Section 101. The examiner and the Board also held that all of the claims are directed to non-statutory subject matter under Section 101, because the claimed fatty acid mixtures occur naturally in walnut oil and olive oil. Bhagat argued that he "disclaimed" the claim scope of compositions from a single source, thus avoiding not only anticipation, but also Section 101. The court was not persuaded.
As for Claim 128, Bhagat also argued that claim 128 is distinguished from natural products, and is not anticipated based on the limitation that the compositions contain "nuts or their oils" obtained from "almonds, peanuts, and/or coconut meat." The Board correctly held that claim 128 does not avoid the rejection on the ground that the claims are directed to known natural products, the appellate court said.

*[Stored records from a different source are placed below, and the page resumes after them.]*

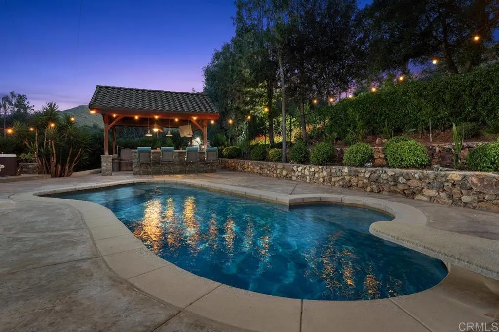 Welcome to 713 Quiet Hills Farm Road, a truly extraordinary and storied estate tucked into the highly sought-after Lake Hodges community, where timeless architecture, rich local history, and an unforgettable setting come together on nearly two acres of beautifully usable land. Originally built in 1935 by renowned author Harold Bell Wright and later owned by Reuben H. Fleet, this single-level farmhouse estate blends character and legacy with the comforts and design today’s buyers crave. Thoughtfully remodeled in 2017, with additional enhancements to the carriage house and office completed in 2020, the property has been carefully curated for modern living. Set behind a gated entrance and approached by a long, private, tree-lined driveway, the home offers a peaceful, secluded setting just minutes from I-15, dining, and everyday conveniences. Spanning approximately 4,448 square feet (plus an additional 400-square-foot loft), the residence features 5 bedrooms and 4.5 baths, all on one level. Classic farmhouse charm is paired with refined finishes and warm, inviting spaces designed for both entertaining and everyday comfort. At the heart of the home is a chef’s kitchen featuring dual Thermador ovens, a six-burner Thermador range, Sub-Zero refrigerator/freezer, Bosch dishwasher, and KitchenAid wine refrigerator. The kitchen opens seamlessly to expansive living areas and a central courtyard, creating easy indoor-outdoor flow. Large, light-filled rooms connect effortlessly to the surrounding grounds. Designed for gathering and making memories, the home offers a thoughtful collection of amenities including a temperature-controlled 120-bottle walk-in wine cellar and five historic cellars that add both charm and function. Outdoors, the estate is both beautiful and highly usable. A resort-style saltwater pool anchors the space, complemented by a gorgeous poolside cabana with an outdoor kitchen and dedicated entertaining area. Mature landscaping, curated gardens, and expansive improvements create a setting that feels lush, private, and serene. Owned solar for both the home and pool, energy-efficient systems, rainwater collection, and high-end synthetic turf with a custom wraparound mini-golf course add both sustainability and fun. Included in the sale is the adjacent 0.74-acre parcel (APN 270-261-30-00), bringing the total to approximately 1.87 acres of usable land. With over 40 mature fruiting trees, dual access, and potential for an ADU or second residence, the property offers exceptional flexibility, privacy, and long-term value. An attached carriage house has been transformed into a character-rich entertaining space and bar, with a spiral staircase leading to a 400-square-foot loft (not included in the main square footage), ideal for guests, recreation, or creative use. Every corner of the property supports both large gatherings and everyday moments—morning coffee in the courtyard, afternoons in the garden or greenhouse, and evenings spent outdoors. From neighborhood parties and garden afternoons to greenhouse harvests and year-round fruit from the orchard, the lifestyle here is as rich as the setting itself. Located in a community known for its quiet, serene landscapes and close-knit feel, where neighbors gather for holiday celebrations and seasonal traditions. This is a once-in-a-lifetime opportunity to own a home with deep history in one of North County’s most sought-after communities—where privacy, character, and connection come together in a way that is truly rare. Welcome home.
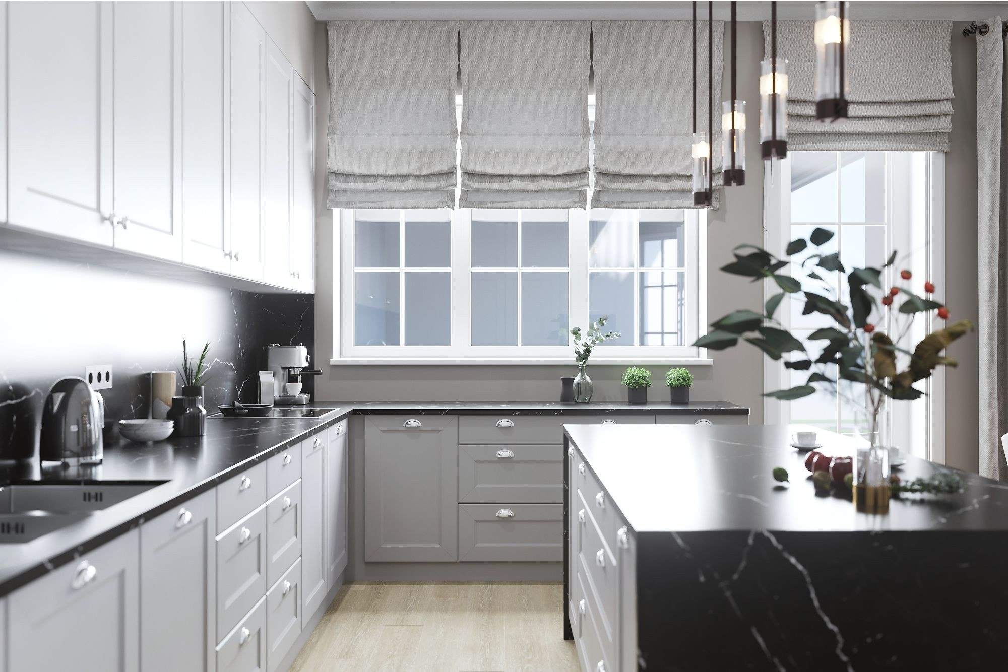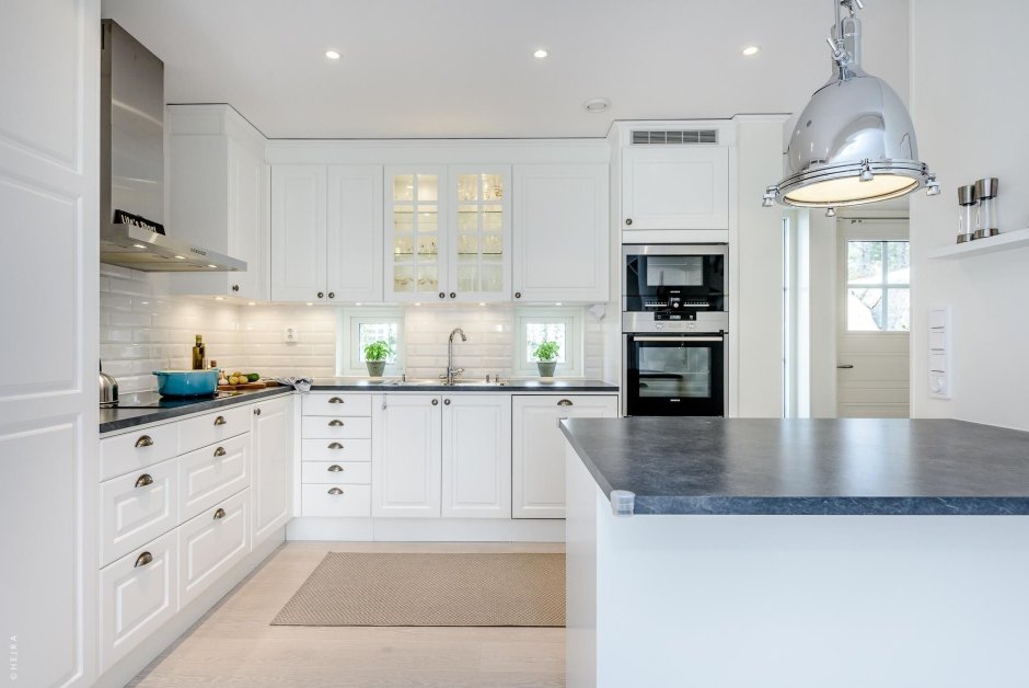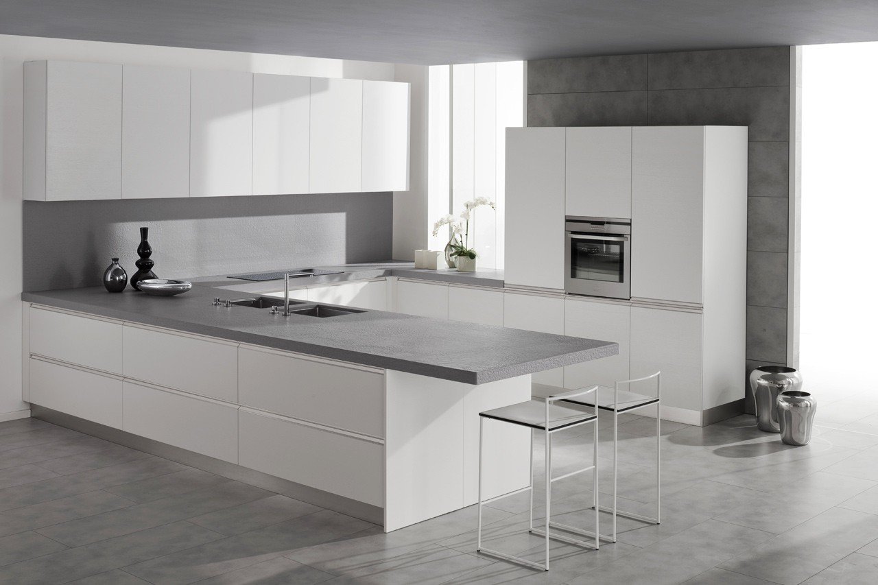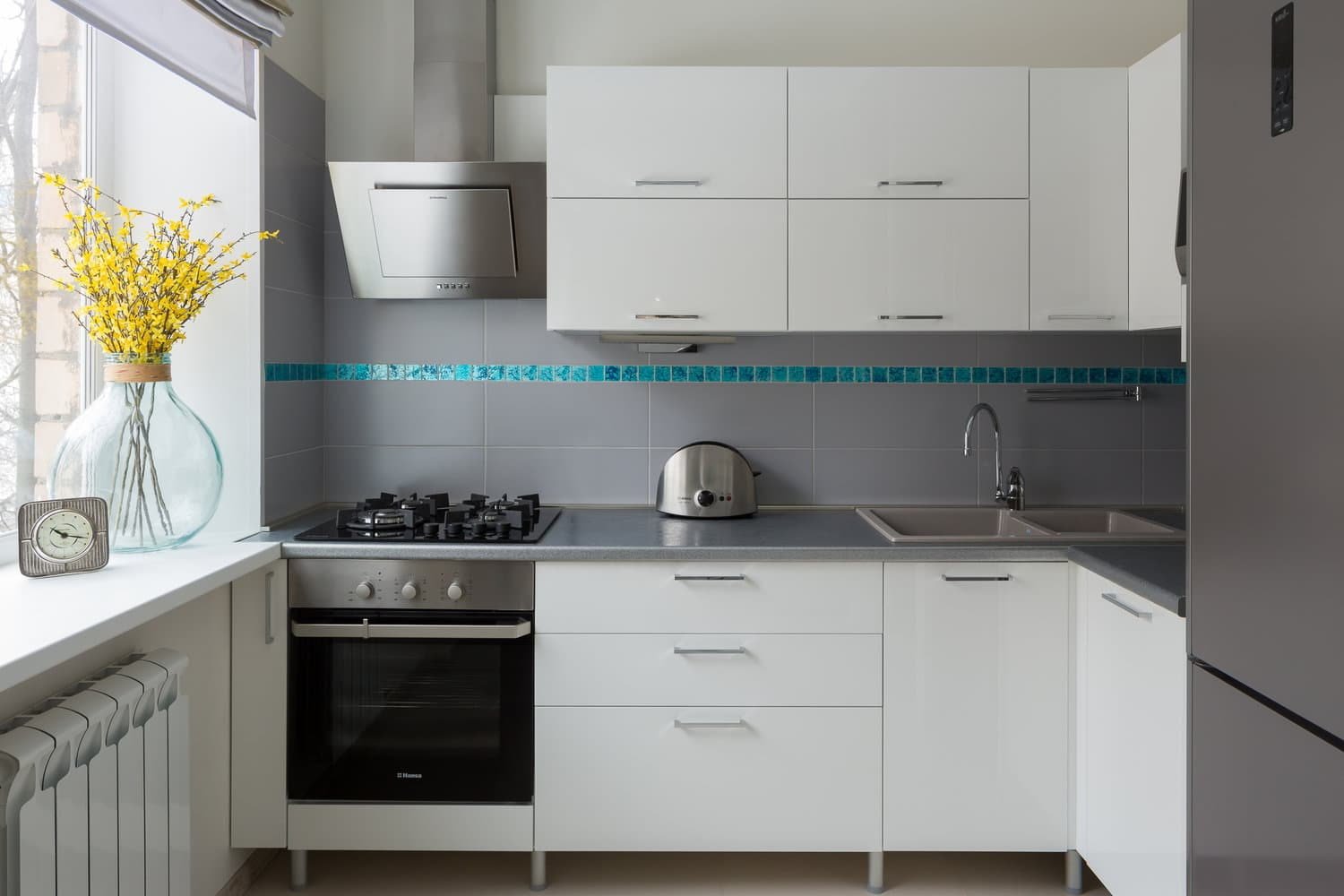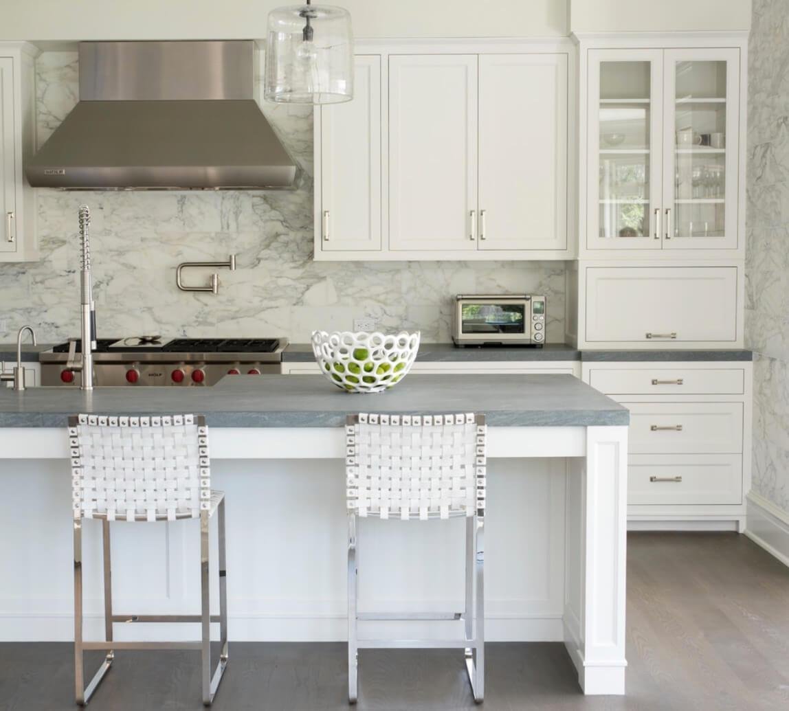 Комментируют Белая кухня с серой столешницей в интерьере:
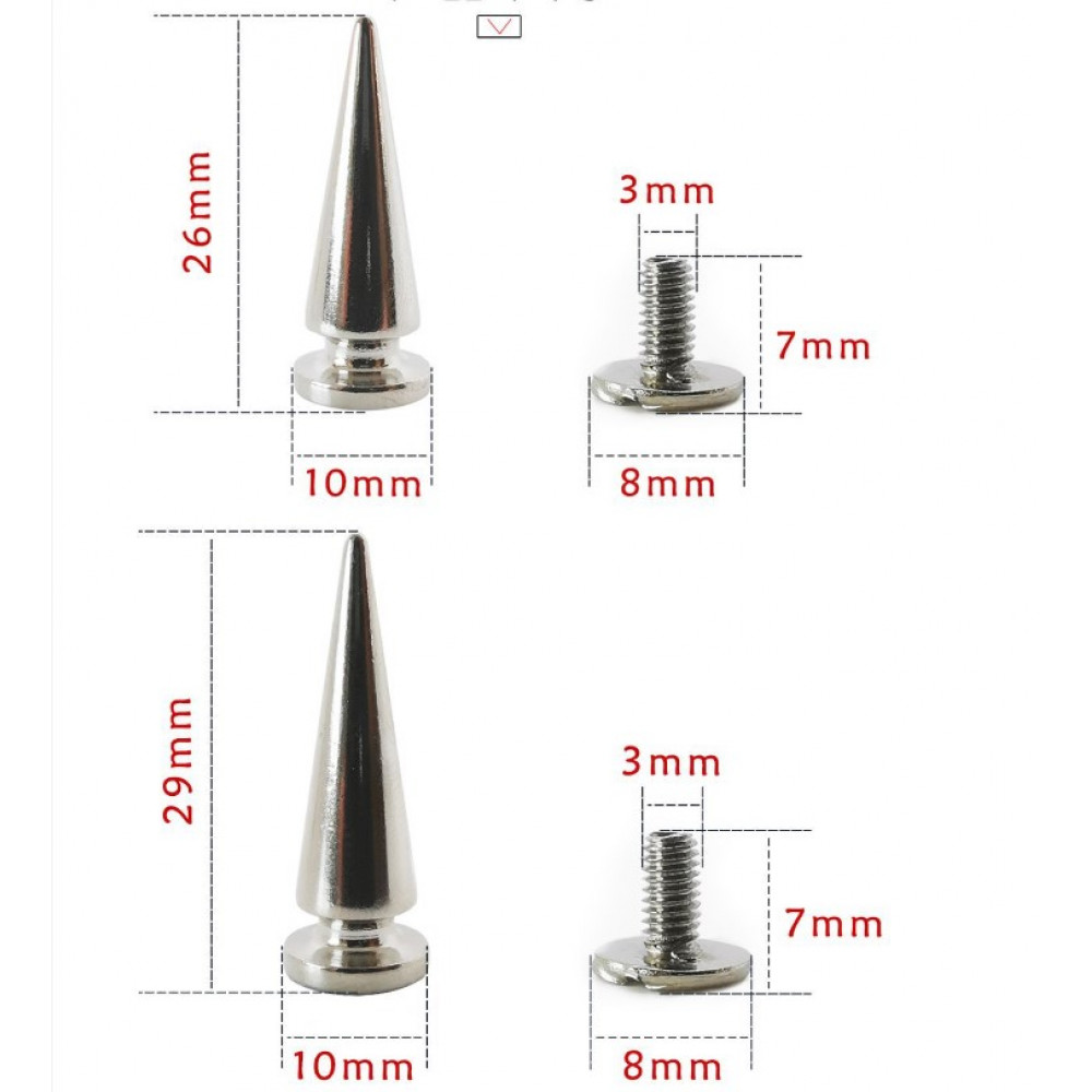 Декоративные винтовые шипы используются при изготовлении ремней, браслетов, собачьих ошейников, сумок и других изделий из кожи. Шипы на винтах используются также при декоре одежды и обуви, они органично смотрятся на исторических костюмах или одежде рок и панк стиля. Творческий человек непременно найдет как использовать этот интересный оригинальный элемент декора

As for claims 102, 107, and 119, Bhagat argued that the Board erred, and that the claimed mixtures of fatty acids from different sources are "structurally different" from the single-source walnut oil and olive oil. However, the Board properly found that Bhagat failed to show that the claimed mixtures are a "transformation" of the natural products, or that the claimed mixtures have properties not possessed by these products in nature. Substantial evidence supported the Board’s findings, and the rulings of unpatentability.
The case is No. 2016-2525.
Attorneys: Urvashi Bhagat, pro se. Nathan K. Kelley, U.S. Patent and Trademark Office, for Andrei Iancu.